3.3 Fish Collection Methods Fish were sampled using baited minnow traps at each sampling location and on each sampling date. Ten traps were distributed at approximately 10 m intervals along the lateral channel margins. When ice was present, an ice auger was used to cut a 10 inch diameter hole through the ice. The traps (6.4 mm (1/4 inch mesh) Gee minnow traps), baited with salmon roe inside of perforated whirl-pak bags were secured in the flowing water under the ice. A wetted depth of approximately 23 cm (9 inch) between the bottom of the ice and stream bed was necessary for trap placement. The ice opening was covered with Styrofoam insulation to aid in the recovery of the traps. Where ice was absent, traps were placed in adequate water depths to ensure the trap openings were below the water surface.

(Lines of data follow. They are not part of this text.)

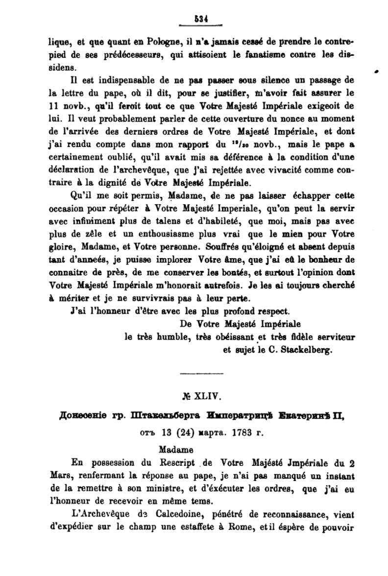 de l'arrivee des derniers ordres de Votre Majeste Imperiale, et dont
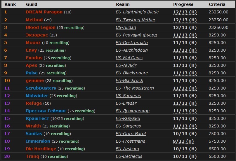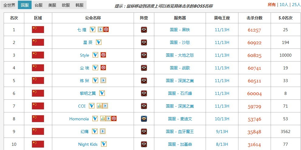 根据发稿时的wowprogress和捞月狗数据,可以看出,目前有13(欧美服)+4(亚服)+7(国服)=24家公会直面雷神。国服公会能否在这批大军中突围,成为下一个击杀H雷神的公会呢?
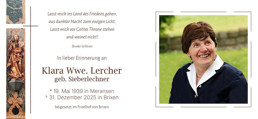 Trauerfeier: 05.01. - 10:00 Uhr Brixen
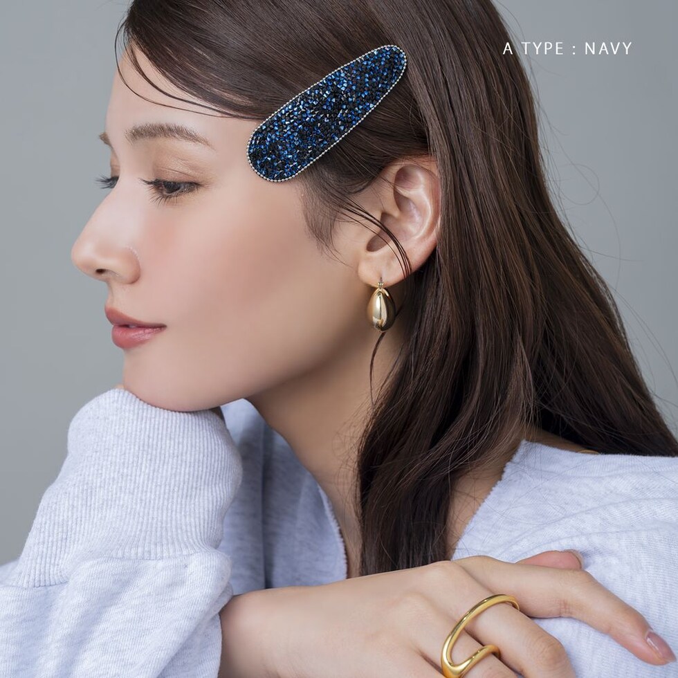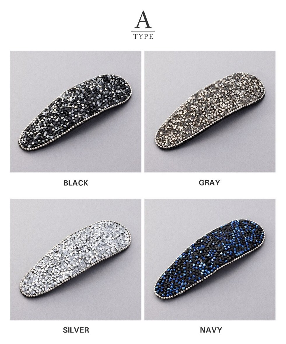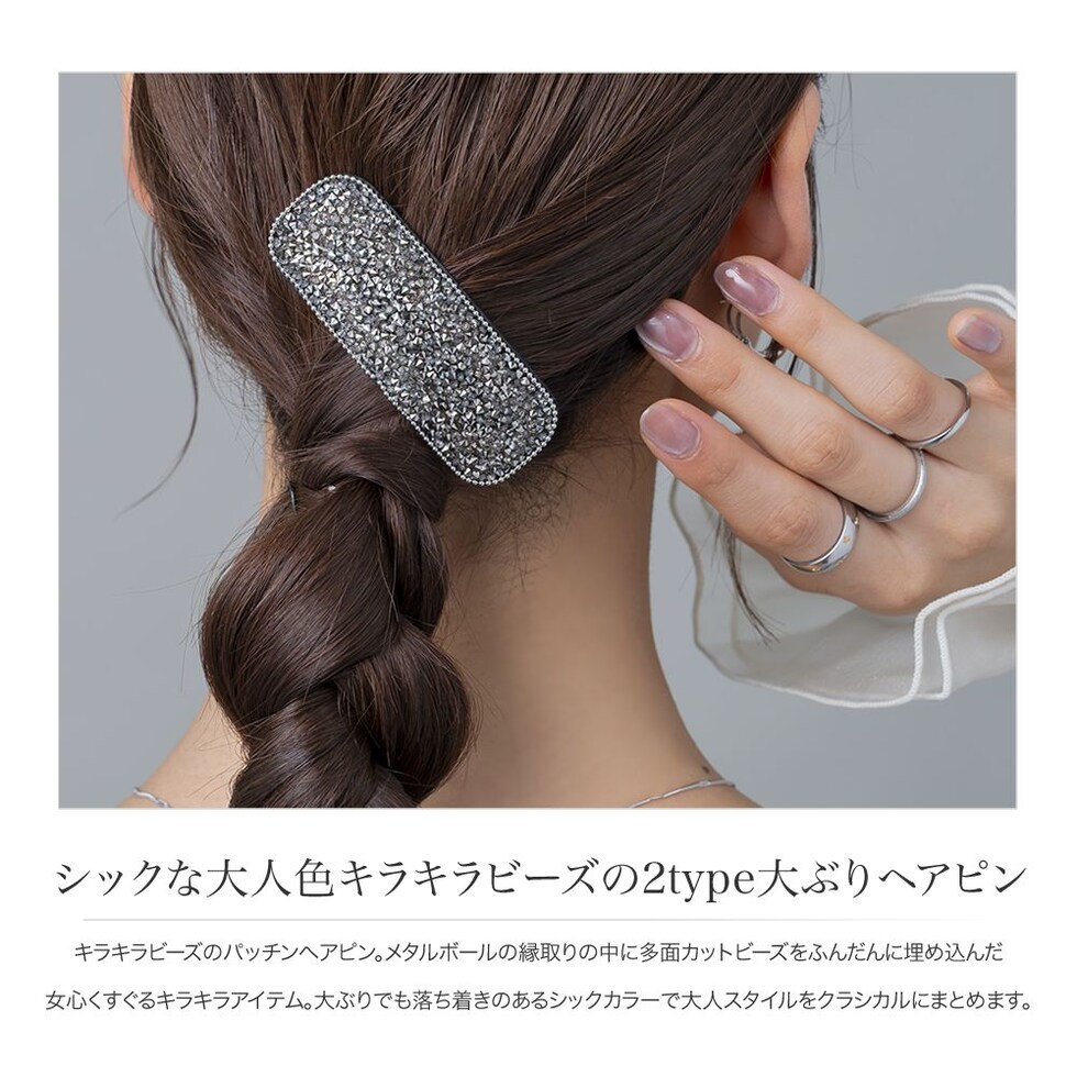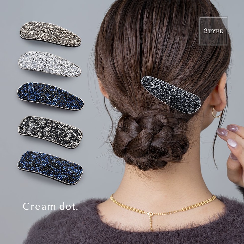 ヘアアクセサリー レディース ヘアピン パッチンピン スリーピン パッチン留め ヘアクリップ 大きめ ラメ スクエア キラキラ ビーズ 多面カット メタルボール 縁取り ネイビー cream dot ゆうパケット [B:シルバー_ワンサイズ]
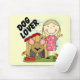 Um design adorável do amante do cão que caracteriza uma figura menina de cabelo loura e um cão orelhudo grande da vara em uma casota em t-shirt do amante do cão, bodysuits, cartões, etiquetas, sacolas, ímãs, chaveiro, e outros roupa e presentes do amante do cão.
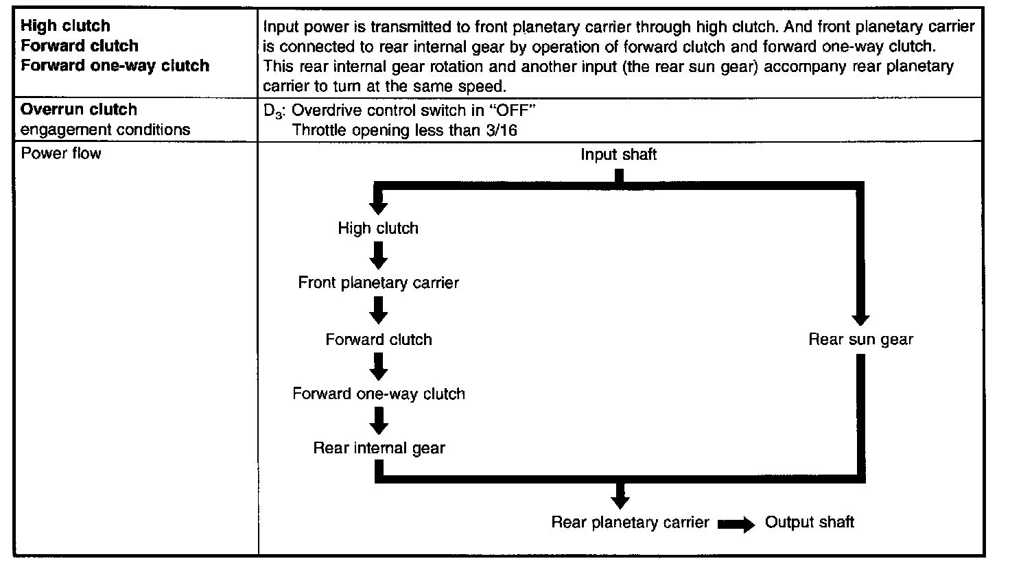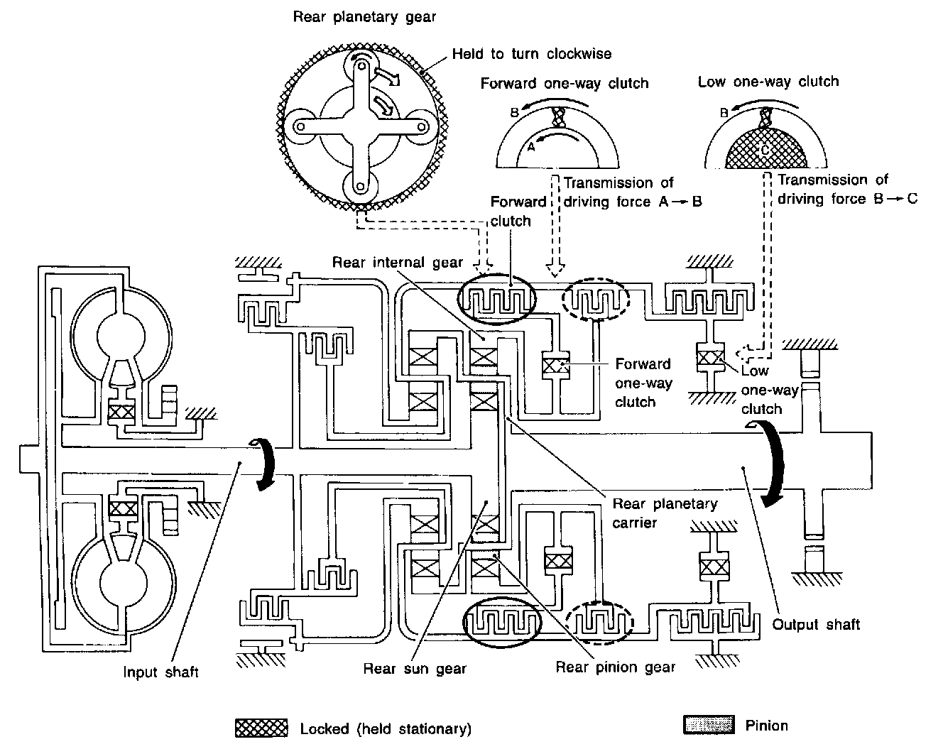 No control members operate. Power from the input shaft is not transmitted to the output shaft since the clutch does not operate.
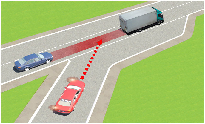 Phía trước có một xe màu xanh đang vượt xe màu vàng trên làn đường của bạn, bạn xử lý như thế nào trong trường hợp này?
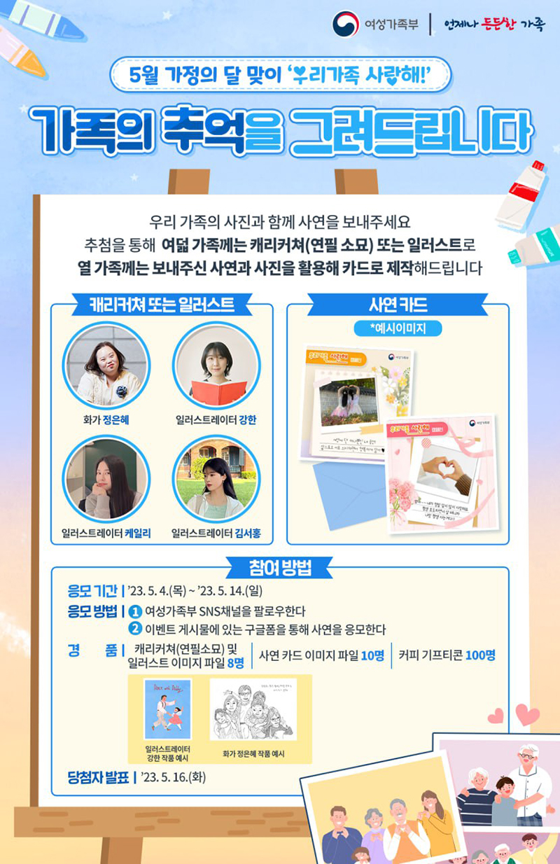유명 작가들이 직접 그린 그림 선물을 받는 여덟 가족 외에도 열 가족의 사진과 사연을 콘텐츠로 제작해 이달 말부터 여가부 인스타그램 계정에서 작은 전시회를 진행할 계획이다.

The following day, 20 to 24 hours following traps placement, traps were removed from the ice and all fish from each trap were released into separate buckets of water. Fish from each trap were identified to species and the fork lengths (FL) of all salmonids were measured, to provide catch per species per trap (catch per unit trap (CPUT)) with 10 traps per site.

3.4 Data Analyses 3.4.1 Small scale habitat relationships 

Correlation and linear regressions were used to test for relationships between habitat characteristics that were continuous variables at each trap location and coho and Chinook CPUT. T-tests and ANOVA were used to test for significant relationships between CPUT and discontinuous variables (cover and substrate size). Data were only used from sites where at least one juvenile salmon was captured to avoid data from sites where fish were absent due to potential migration barriers or other unmeasured variables. An alpha of 0.05 was used for all tests.

3.4.2 Sampling Sites 

ANOVA was used to test for significant differences in juvenile coho and Chinook salmon among sampling sites. Tukey’s test was used for post-hoc comparisons. Correlation and linear regression was used to test for significant relationships between average site CPUT for juvenile coho and Chinook salmon and for average site physical habitat and water quality characteristics and portion of sampling locations within a site that contained LWD, shrub or macrophyte cover, or fine substrates.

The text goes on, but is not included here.